Were you able to connect with Blaze King? If not, keep trying. It's busy during the heating season.


----------



## BKVP (Jan 6, 2017)

Horses&Goats said:


> Hi I tried calling Blaze King.  The have an old manual but it does not have a brick pattern for the pt202.  I am at a loss as to how to find the pattern.  I am hoping the someone has an old stove and maybe able to help.  Not sure where else to look.


Call Monday.  Ask for Patti.  Tell her you would appreciate a copy of the brick pattern.  She can fax it or email it to you.


----------



## Horses&Goats (Jan 9, 2017)

BKVP said:


> Call Monday.  Ask for Patti.  Tell her you would appreciate a copy of the brick pattern.  She can fax it or email it to you.


Hi  I called Patti and talked to her.  She looked in her book,  but there was not a picture of the brick pattern for this stove.  I was so hopeing  She said that it was a very old stove..1970 ish    I don't know what to do now.   Perhaps someone still has one and could take a picture of it.  Does anyone have any other thoughts?


----------



## BKVP (Jan 9, 2017)

Horses&Goats said:


> Hi  I called Patti and talked to her.  She looked in her book,  but there was not a picture of the brick pattern for this stove.  I was so hopeing  She said that it was a very old stove..1970 ish    I don't know what to do now.   Perhaps someone still has one and could take a picture of it.  Does anyone have any other thoughts?

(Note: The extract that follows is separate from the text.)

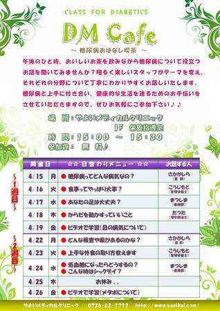 以下、4月中旬のDM cafe(糖尿病教室)4月15日(月)~4月26日(金)のスケジュールをお知らせ致します。

Right after you got off the phone, we did locate a PT203 brick diagram.  The 203 and 202 were virtually identical.  I will check to see if we can locate a 202 in the archives (this means climbing into some regions better not described here!)  If we find a 202, I will PM you.


----------



## Horses&Goats (Jan 12, 2017)

BKVP said:


> Right after you got off the phone, we did locate a PT203 brick diagram.  The 203 and 202 were virtually identical.  I will check to see if we can locate a 202 in the archives (this means climbing into some regions better not described here!)  If we find a 202, I will PM you.





BKVP said:


> Right after you got off the phone, we did locate a PT203 brick diagram.  The 203 and 202 were virtually identical.  I will check to see if we can locate a 202 in the archives (this means climbing into some regions better not described here!)  If we find a 202, I will PM you.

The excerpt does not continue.